💡 What You Will Learn
We’ve finally reached the final stage of the Vibe Coding Masterclass. It’s time to install the ‘Intelligent Brain’ into the powerful engine we built in Part 2.
Key Points of this Guide:
1. Understanding the Hierarchical Memory structure to overcome AI’s inherent ‘forgetfulness.’
2. Handoff techniques to maintain work context even when sessions are interrupted.
3. A Practical Workflow for perfectly integrating the frontend and backend ofUSETFAnalysis.
1. Do you remember what I said yesterday?
“I clearly said we’re changing this variable name to stock_price yesterday!” The moment the AI you turned back on this morning says, “Sorry, let me check again,” and declares the variable with a different name, your blood pressure rises.
AI agents (LLMs) fundamentally have ‘goldfish-like memory.’ As conversations get longer or new sessions start, they lose track of previous critical decisions. Solving this is the goal of the Intelligent Memory Harness—giving the AI an ‘external hard drive.’
2. Hierarchical Memory Structure: From Short-term to Long-term
Experts don’t trust an AI’s brain capacity. Instead, they divide information into three layers that the harness manages.
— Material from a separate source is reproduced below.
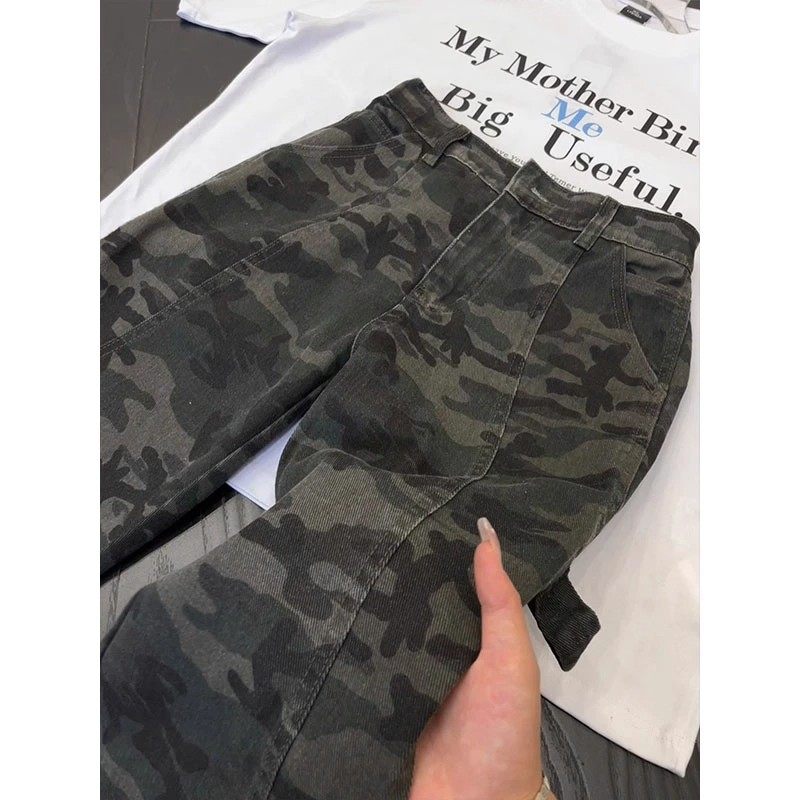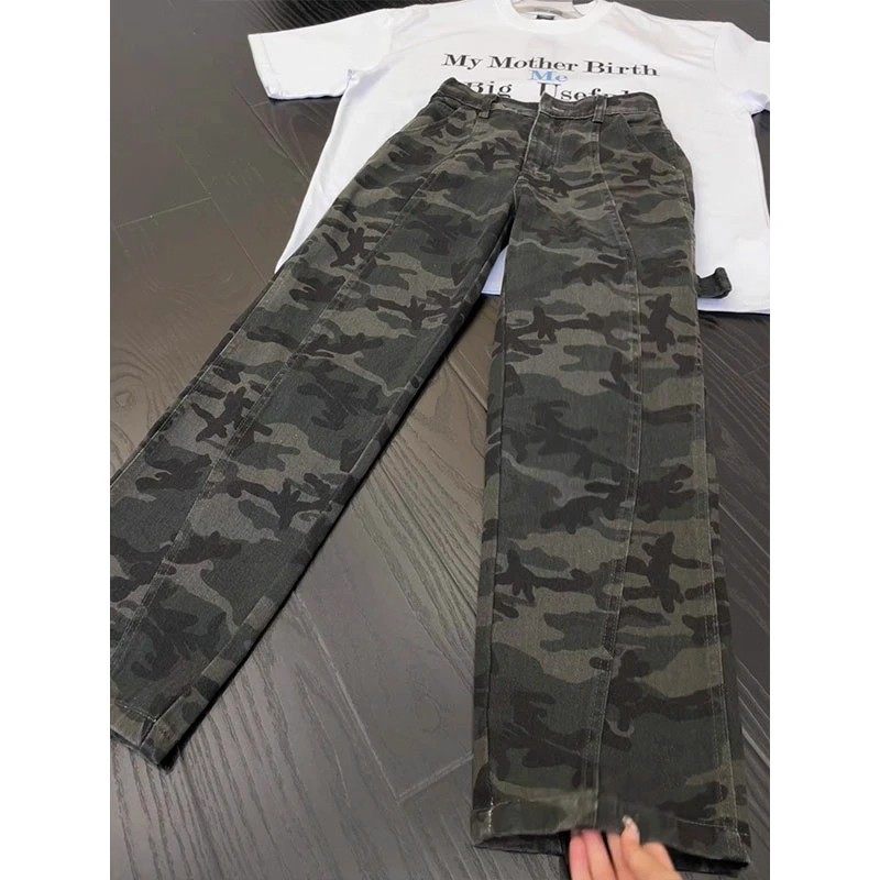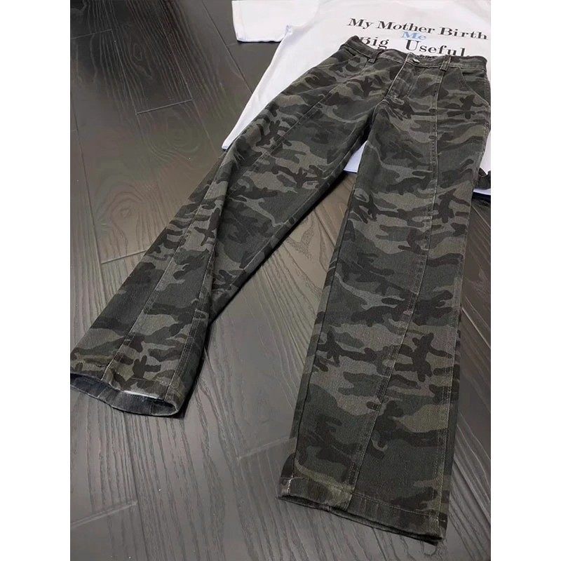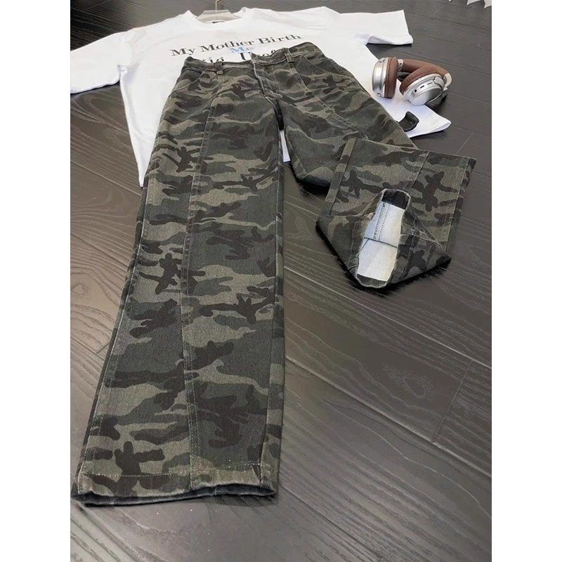 迷彩弯刀裤子加绒牛仔裤男款青少年户外休闲伐木工装高级感直筒裤

📝 Key Comparison: Fragmented Commands vs. Consensus-based Workflow
- Task Awareness: (Fragmented) Only understands 1 file at a time ↔ (Consensus) Global situational awareness via
task.md - Memory Retention: (Fragmented) Forgets initial intent in long chats ↔ (Consensus) Persistent reference to core rules via Memory Layer
- Accuracy: (Fragmented) High probability of hallucinations ↔ (Consensus) Minimizes errors with 3-step verification (Plan-Edit-Verify)
- Consistency: (Fragmented) Code style shifts constantly ↔ (Consensus) Consistent generation following architecture guidelines
- Deliverables: (Fragmented) “Just working” code ↔ (Consensus) “Maintainable” structural results
[Architecture Diagram] Consensus Workflow
graph TD
User([User Goal]) --- Controller
subgraph Consensus_Loop ["Multi-Agent Consensus Loop"]
direction TB
Planner["1. Planning Agent
(Analyze & Task Breakdown)"]
Coder["2. Coding Agent
(Implementation in Sandbox)"]
Reviewer["3. Review Agent
(Lint & Logic Check)"]
Planner --> Coder
Coder --> Reviewer
Reviewer -- "Fix Required" --> Planner
end
Reviewer --- Artifacts([Final Project Assets])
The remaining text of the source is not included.